The Working Group at the Conference made the following comprehensive statement:
The Definition of Pneumoconiosis
Earlier on, in 1950, a definition of pneumoconiosis was established at the 3rd International Conference of Experts on Pneumoconiosis and this has continued to be used until the present time. In the meantime, the development of new technologies has resulted in more occupational risks, particularly those related to the inhalation of airborne contaminants. Increased knowledge in the field of occupational medicine has enabled new pulmonary diseases of occupational origin to be recognized but has also demonstrated the necessity for a re-examination of the definition of pneumoconiosis established in 1950. The ILO therefore arranged for a Working Group to be convened within the framework of the IVth International Pneumoconiosis Conference in order to examine the question of the definition of pneumoconiosis. The Working Group held a general discussion on the matter and proceeded to examine a number of proposals submitted by its members. It finally adopted a new definition of pneumoconiosis which was prepared together with a commentary. This text is reproduced below.
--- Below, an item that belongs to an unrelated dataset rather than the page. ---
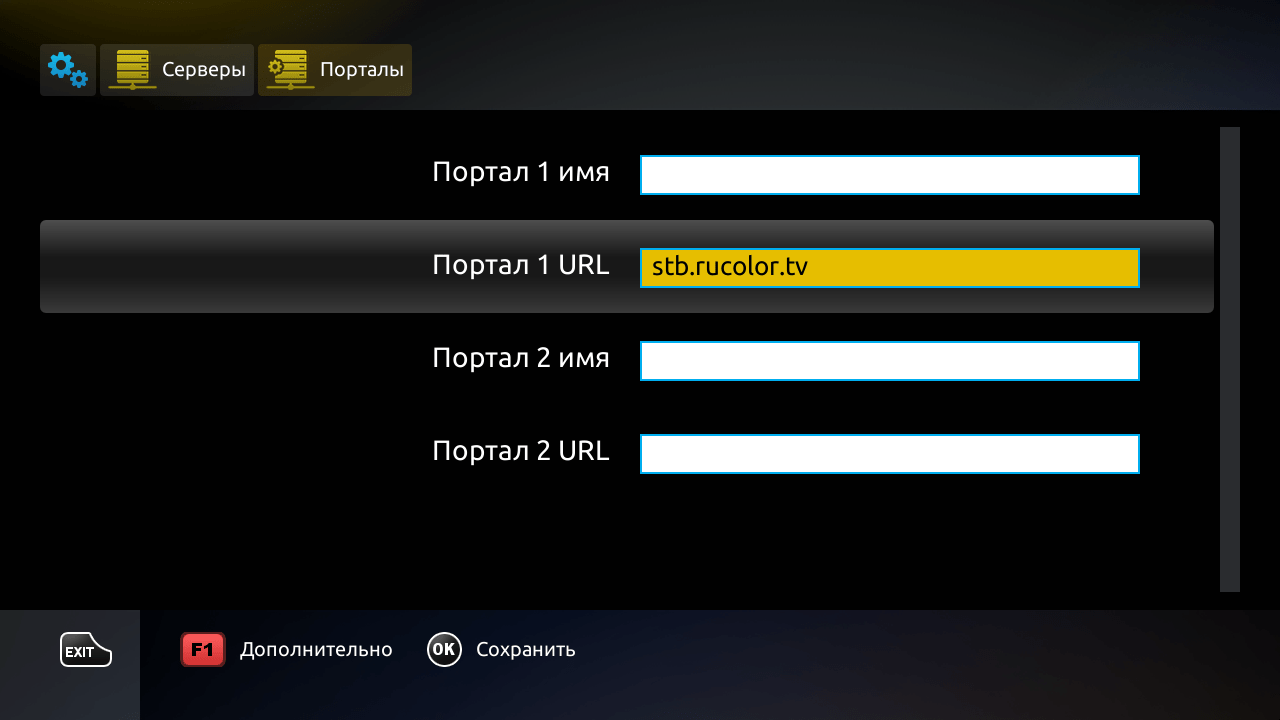 6. В поле URL прописываем адрес нашего портала stb.rucolor.tv

In recent years a number of countries have included under pneumoconiosis, because of socio-economic reasons, conditions which are manifestly not pneumoconiosis, but are nevertheless occupational pulmonary diseases. Under the term “disease” are included for preventive reasons the earliest manifestations which are not necessarily disabling or life shortening. Therefore the Working Group has undertaken to redefine pneumoconiosis as the accumulation of dust in the lungs and the tissue reactions to its presence. For the purpose of this definition, “dust” is meant to be an aerosol composed of solid inanimate particles. From a pathological point of view pneumoconiosis may be divided for the sake of convenience into collagenous or non-collagenous forms. A non-collagenous pneumoconiosis is caused by a non-fibrogenic dust and has the following characteristics:
- the alveolar architecture remains intact
- the stromal reaction is minimal and consists mainly of reticulin fibres
- the dust reaction is potentially reversible.
Examples of non-collagenous pneumoconiosis are those caused by pure dusts of tin oxide (stannosis) and barium sulphate (barytosis).
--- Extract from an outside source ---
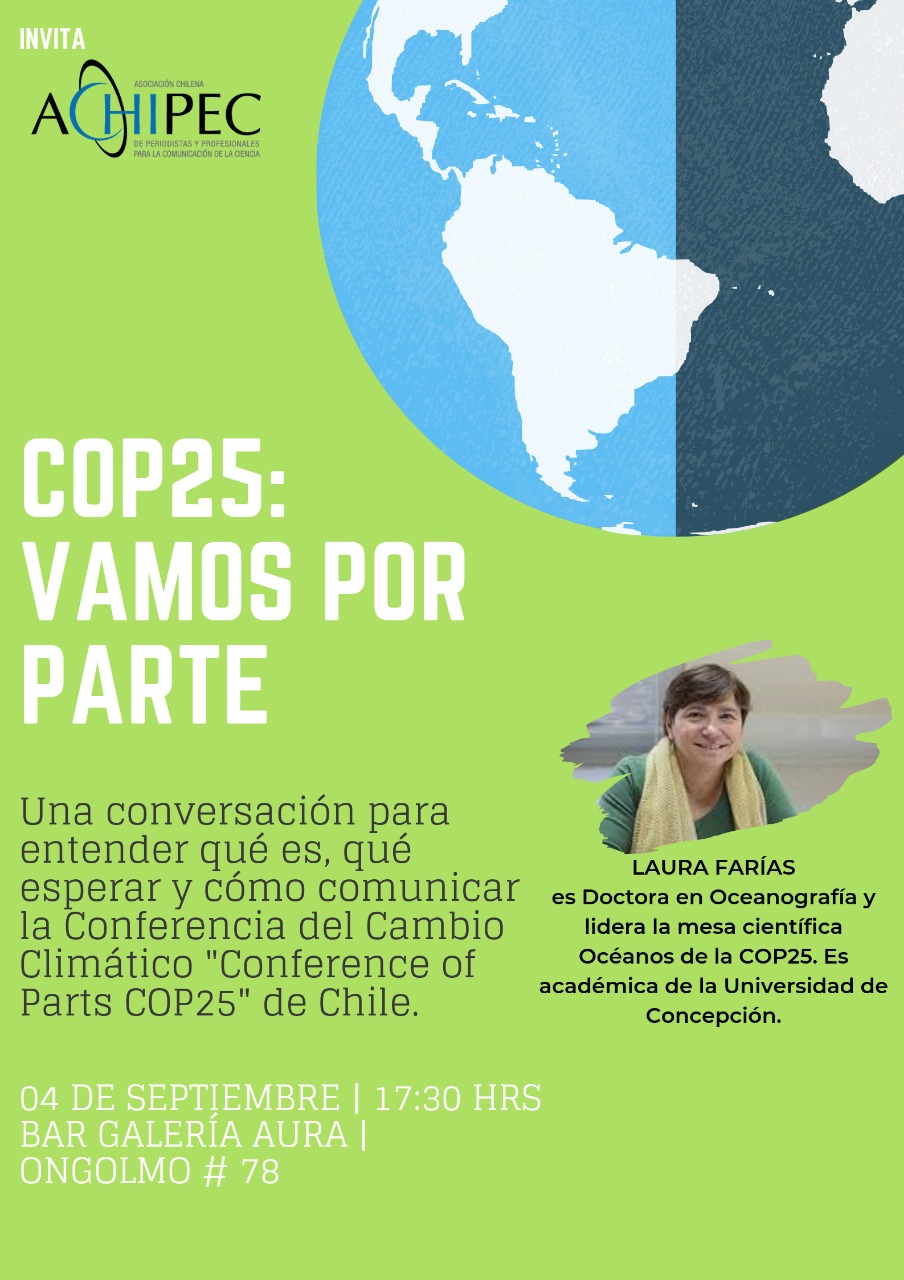 La Asociación Chilena de Periodistas y Profesionales para la Comunicación de la Ciencia (ACHIPEC) invita al seminario «COP25: vamos por parte», que contará con la participación de Laura Farías, investigadora principal (CR)2 y líder de la mesa científica Océanos de la COP25, quien conversará con los asistentes para explicar la relevancia de este evento y cómo comunicarlo.

Collagenous pneumoconiosis is characterised by:
- permanent alteration or destruction of alveolar architecture
- collagenous stromal reaction of moderate to maximal degree, and
- permanent scarring of lung.
Such collagenous pneumoconiosis may be caused by fibrogenic dusts or by an altered tissue response to a non-fibrogenic dust.
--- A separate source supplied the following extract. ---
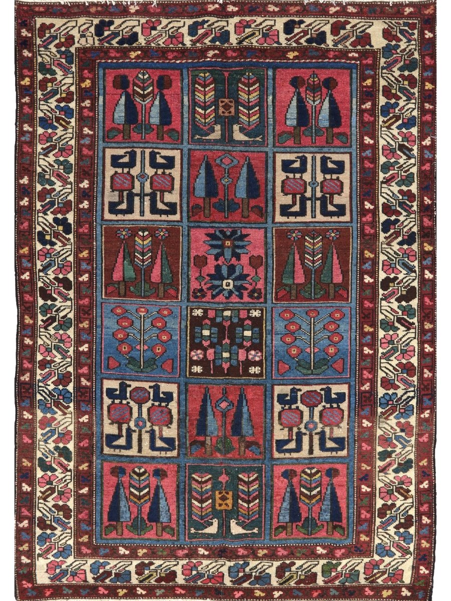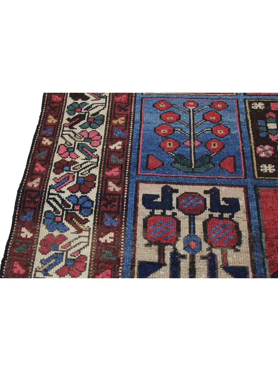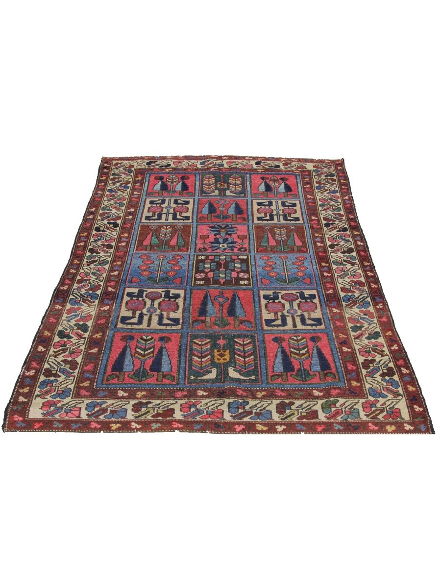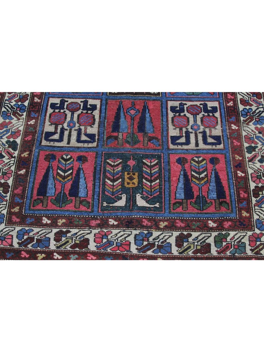 This exquisite 4x6 Antique Persian Bakhtiari Area Rug is a true luxury, showcasing traditional craftsmanship. Hand-knotted from high-quality wool in Persia, it boasts a stunning color palette that adds a touch of warmth and elegance to any room. The beautiful base provides a serene backdrop for the geometric pattern, which features a delicate balance of rust, beige, blue, and pink hues. The result is a visually striking design that creates a sense of depth and visual interest. This area rug is perfect for anchoring spaces, such as living rooms, dining rooms, or family rooms. Its durable construction and high-quality materials ensure it will remain a beautiful and functional addition to your home for years to come. Enjoy free shipping in the US.

Examples of collagenous pneumoconiosis caused by fibrogenic dusts are silicosis and asbestosis, whereas complicated coalworkers’ pneumoconiosis or progressive massive fibrosis (PMF) is an altered tissue response to a relatively non-fibrogenic dust. In practice, the distinction between collagenous and non-collagenous pneumoconiosis is difficult to establish. Continued exposure to the same dust, such as coal dust, may cause transition from a non-collagenous to a collagenous form. Furthermore, exposure to a single dust is now becoming less common and exposures to mixed dusts having different degrees of fibrogenic potential may result in pneumoconiosis which can range from the non-collagenous to the collagenous forms. There are in addition occupational chronic pulmonary diseases which, although they develop from the inhalation of dust are excluded from the pneumoconiosis because the particles are not known to accumulate in the lungs. The following are examples of potentially disabling occupational chronic pulmonary diseases: byssinosis, berylliosis, farmers’ lung, and related diseases. They have one common denominator, namely the aetiologic component of dust has sensitized the pulmonary or bronchial tissue so that if the lung tissue responds, the inflammation tends to be granulomatous and if the bronchial tissue responds, there is apt to be bronchial constriction. Exposures to noxious inhaled materials in certain industries are associated with an increased risk of mortality from carcinoma of the respiratory tract. Examples of such materials are radioactive ores, asbestos and chromates.
Adopted at the IVth ILO International Conference on Pneumoconiosis. Bucharest, 1971.